Here is a brief overview of these new capabilities:

  • Launch Visplore deep-dive analyses directly from PI Vision dashboards with a single click.

  • Context-aware, natural language guidance built into Visplore, with all data staying strictly on-premise.

  • Automatically rank variables, how strongly they differ. Now including support for curves and patterns, and use as automated alerts.

  • Generate data-driven, multi-page reports per asset or process category; conditionally and without any coding.

  • Structure complex, multi-stage analysis workflows with independent data pipelines per section.

  • New data connectors (incl. iba HD Server plug-and-play, PI Single Sign-On), richer calculated columns, smart category initialization, and much more.

Multi-Interval High-Resolution Loading for Event-Based Analysis

Visplore 2.1 introduces the ability to load multiple independent time intervals from data sources such as PI, SQL, iba, and others, all in a single workflow. This means you can now pull high-resolution data for specific events scattered across months or years of history, without the prohibitive cost of loading an entire time range at full resolution.

This unlocks powerful new workflows for root cause analysis of recurring faults and for tracking drift across repeated operations or process cycles. The way intervals are defined is fully flexible:

  • Filter-driven loading: Use timestamps or intervals from one data source (e.g., a maintenance log or event table) as an import filter for another source, such as a historian.
  • Alarm-centered context windows: Load data around specific alarm timestamps, automatically including the surrounding context you need for diagnosis.
  • Interactive drill-down: Start with a long overview at low resolution, visually mark anomalies or patterns of interest directly in Visplore, and reload just those segments at full resolution instantly

Whether you’re investigating why a fault keeps recurring or comparing how a process behaves across dozens of production runs, Visplore 2.1 gives you the resolution you need, exactly where you need it.

Example: Use a coarse resolution to identify patterns for comparison, then refine the resolution only for them.

PI Vision Integration: Launch Deep-Dive Analyses in One Click

If your team already works in PI Vision, Visplore 2.1 meets you right there. The new PI Vision integration extension module embeds Visplore directly into your existing dashboards. The path from spotting a problem to understanding its root cause has never been shorter.

The integration covers two practical scenarios:

  1. One-click deep dives: Place buttons freely anywhere in your PI Vision dashboards, right next to the KPIs and trends that matter most. When a value looks off, a single click launches a full Visplore analysis on the current PI data, optionally enriched with data from additional sources. No context switching, no manual setup, no time lost.
  2. Seamless tag handover: Working with a set of tags in PI Vision and want to dig deeper? Simply carry them over to Visplore with a click — the tags you’ve been looking at are instantly available for advanced analysis, exactly as selected.

The result: your PI Vision dashboards become a natural launchpad for the kind of in-depth investigation that PI Vision alone wasn’t built for. Whether you’re chasing a recurring fault or trying to make sense of an unexpected KPI drop, Visplore is now just one click away from wherever your attention already is.

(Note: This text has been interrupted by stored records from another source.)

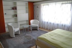 Appartement Alpemblick mit 4 Sternen klassifiziert an zentraler, ruhiger Lage mit Aussicht auf See und Berge. 1-Zimmer-Wohnung, Grundfläche zirka 45 m2, ohne Balkon, 1 französisches Bett für 2 Personen, Esstisch mit 2 Stühlen, Polstermöbel, genügend Schränke, Radio, Kabel-Farb-TV, Internet, Telefon. Badzimmer mit Badewanne und WC. Elektrische Küche mit 2 - Platten-Kochherd, Kühlschrank mit Tiefkühlabteil, Geschirrspüler. Hallenbad 28°C, Sauna, Biosauna, Solarium, Wärmekabine, Dachterrasse. Gemeinschaftswaschküche im Keller kann mitbenutzt werden. Für Gäste mit einem Motorfahrzeug steht ein Garagenplatz in der hauseigenen Einstellhalle auf der gleichen Ebene wie die Wohnung gegen Berechnung zur Verfügung.Gäste welche mit oeffentlichen Verkehrsmitteln anreisen, werden bei der Schiffstation abgeholt.Einkaufsmöglichkeiten, Bushaltestelle, Bankomat sind zirka 50 Meter vom Haus entfernt. Sonstige Schlafzimmereinrichtung (Schlafzimmer1): genügend Schränke, Polstermöbel, Esstisch mit 4 Stühlen, Radio, Farb-Kabel-TV, Telefon. Sicht auf See und Berge. Sportmöglichkeiten in der Umgebung: Angeln Basisinformationen - Erlaubte Haustiere: keins - Etage, auf der sich das Objekt befindet: OG2 - letzte umfassende Renovierung: 2009 - keine Einsicht von der Straße - Nichtraucherunterkunft - Schlafzimmeranzahl: 1 - Badezimmeranzahl: 1 Top Merkmale - WLAN - Heizung: teilweise - komplett eingefriedet (mit Mauer, Zaun oder Hecke) - Indoorpool - Private PKW-Stellplätze insgesamt für diese Unterkunft: 1 - ㄴ davon Garagenstellplätze: 1 Schlafen Schlafzimmer 1 - Schlafzimmer abdunkelbar Badezimmer Badezimmer 1 - Badewanne mit Duschvorrichtung - Waschbecken - Toilette Gäste-WC - Toilette Sanitäre Einrichtungsgegenstände in der Ferienunterkunft - Solarium Wellness - Sauna Kochen/Wohnen - Kaffeemaschine: Kaffeemaschine - Kühl-/Gefrierschrank: Gefrierfach, Kühlschrank - Herd: Zwei-Platten-Herd - Dunstabzugshaube - Toaster - Spülmaschine - Größe der Küche: 3 m² Entertainment - Fernseher: TV, Sat.-TV - Radio Hauswirtschaft - Waschmaschine: zur gemeinschaftlichen Nutzung im Gebäude - Wäschetrockner: zur gemeinschaftlichen Nutzung im Gebäude - Staubsauger Barrierefreiheit - Aufzug Außenbereich - Outdoormöbel Umgebung - Lebensmittelhandel: 50 m - Cafés/Restaurants: 50 m - Bahnhof: 7,0 km - Flughafen: 60,0 km - Autobahn: 8,0 km - See: 100 m - Bootsverleih Besonderheiten - Anglerfreundlich - Inmitten der Natur gelegen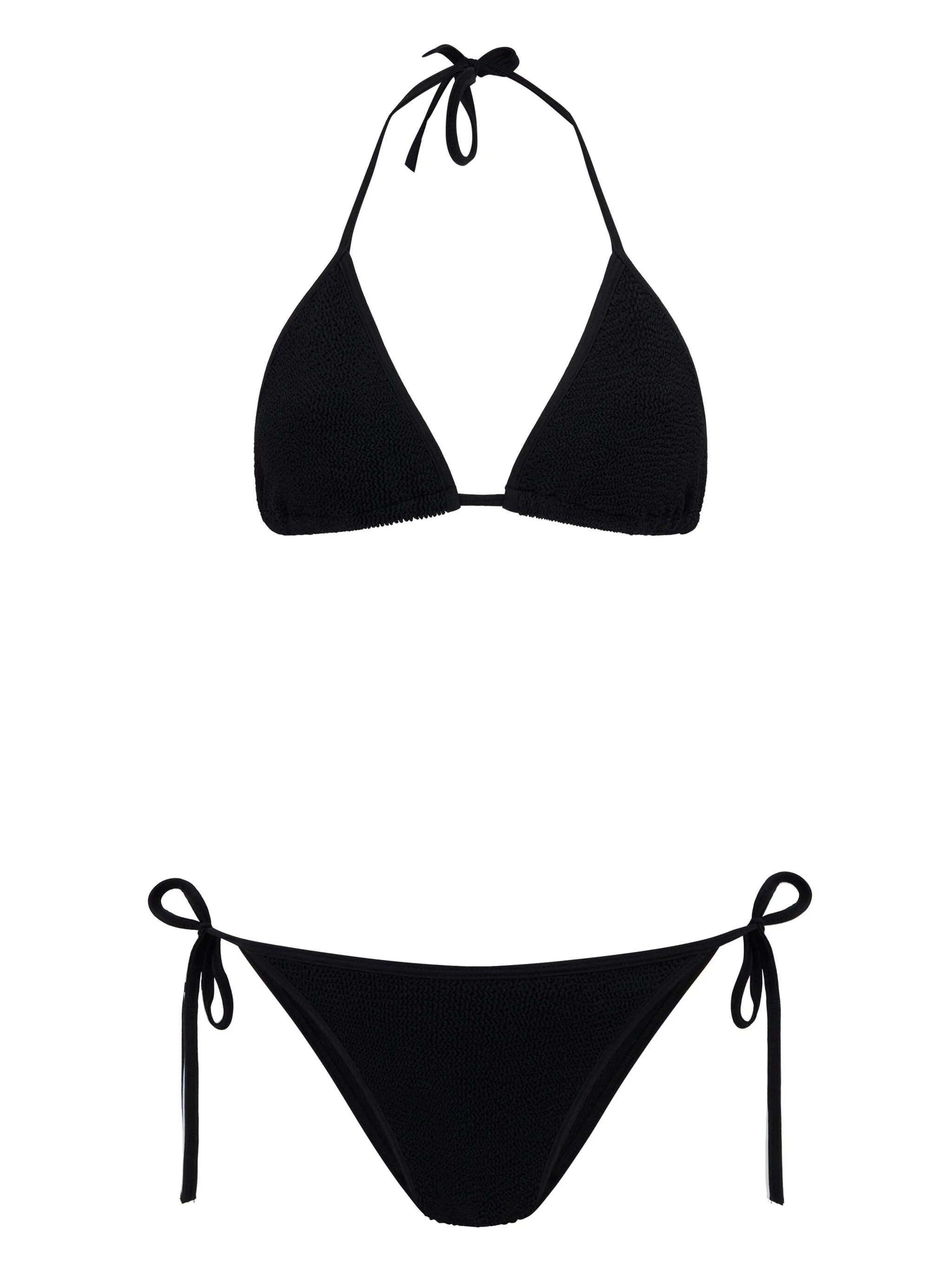 - black - stretch-design - smocked texture - triangle cup - halterneck tie fastening - rear tie fastening - side-tie bottoms - high cut - Be mindful to try on swimwear over your own garments. Materials & Product Care Elastane 3%, Polyamide 97%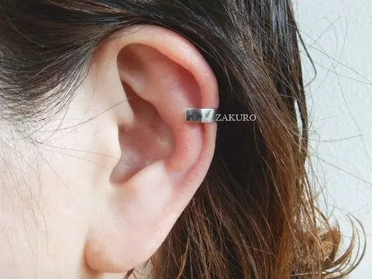 ゆらぎのある平面が耳に沿う、シルバー製のイヤーカフです。

Image showing the transition from a PI Vision dashboard to Visplore

One click in PI Vision gets you to a standardized analysis in Visplore. Here: Comparison of the most recent start-up of an overheating asset.

AI Copilot: Context-Aware Guidance, Right When You Need It

Visplore is a powerful platform, and with that power comes a wealth of features and possibilities. The new AI Copilot in Visplore 2.1 makes sure that depth never feels overwhelming. Simply ask a question in natural language and get instant, relevant guidance on how to get the most out of Visplore.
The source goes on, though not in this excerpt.